Policy got to the heart of the matter. Filtering by policy meant you could show only results of songs being monetized. Or, maybe you wanted to investigate songs that were being blocked from licensing.

Interaction design

It was time to explore various ways we could allow users to interact with our filters.

The goal was to aim for speed and clarity. Speedy interactions are fairly obvious. Clarity is a bit harder to pin down. Clear filters lead to less mistakes and confusion as to what’s active and what isn’t.

Number of auto suggested search results

I spent a great deal of time researching and exploring this. Auto suggestion is only helpful when the suggestions are on point and not overwhelming. In researching other products, I found the opposite. Suggestions were weak, and the number was too high.

I started exploring the number first. What was the optimal number of suggestions?

Competitor products were around 8-10. I found that to be quite a lot of cognitive load, even when the suggestions were of decent quality.

I created prototypes using 3, 4, 5, 6 and 8. I asked for internal feedback in our company’s Slack channel - the equivalent of the in-person hallway test.

Overall, 5 was our winner by a small margin. 4 the strong second place contender.

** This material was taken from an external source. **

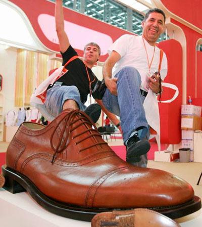 2006年秋季廣交會上,外國客人與溫州展覽鞋“比大”,鞋重大約40公斤。本月歐盟投票通過了對中國產皮鞋的正式反傾銷方案,在我國制鞋業引發巨大不滿,國內制鞋及出口企業利潤下滑。

RANKING AUTO SUGGESTED SEARCH RESULTS

The next obstacle was ranking those suggestions. We had a lot of data to cross-reference. We also had to balance finding the perfect query with a speedy load time.

I explored ranking by:

As to be expected, while some of these queries provided really robust results, they were largely all too expensive and time consuming to run.

In the end, we combined the user’s search query with the number of associated songs. This was a solid predictive indicator and was a reasonable guess at where the user was trying to get to. It was also a decently inexpensive query for us to run.

This was a simple exercise in clear communication and managing tradeoffs with my engineering team.

Bulk search pattern

Our first filter that allowed bulk pasting was ISRC, given that it aligned well with their current workflows and behaviors. I knew if we kept this simple, this could be a very reusable pattern down the road.

I opted to contain the pasting of bulk ISRC codes in a modal. Users could write or paste to their heart's content. All they had to do was separate by comma or one per line. All spreadsheet tools can do this.

Longer queries would inherently take longer to run, but users expected this. We did limit it to 50,000 codes only so the browser wouldn’t crash the tab.

Given the nature of ISRCs, the results were very high quality since the user was getting direct hits on each unique code.

Adding filters

I played around with many different iterations when showing the status of a filter and what had previously been selected.

Where I landed was on a model that gives clear signal as to what’s been applied, while also allowing users to type into the input field and add new filters. There’s no clunky clicking, opening modals or dropdowns. Just enter the input field and start typing away.

Removing filters

Just as important as adding is taking away. I wanted to keep this pattern lean and tight. Being able to remove filters in line felt pretty familiar and passed the internal Slack / hallway test.

In addition, I also added a hard reset at the top. Always good to have an eject button when you get too in the weeds.

What's next?

The next thing on the roadmap is bulk select and bulk actions. Some light exploratory work has already taken place, but working out the kinks on this across millions of database rows is no easy feat.

Lots of deep thinking will go into determining what can be done in combination and what is too destructive and needs a proper safeguard.

Closing thoughts

Searching and filtering is often deemed as table stakes work. Often overlooked and half baked into products.

By setting the stage early and really building empathy internally, we were able to craft lightweight solutions that not only aided in their current daily work, but also brought new discoveries.

Labels were able to identify new high value songs they were previously unaware of. This could lead to more revenue within our platform, but also on other lucrative platforms.

The details matter. Understanding the end user deeply matters.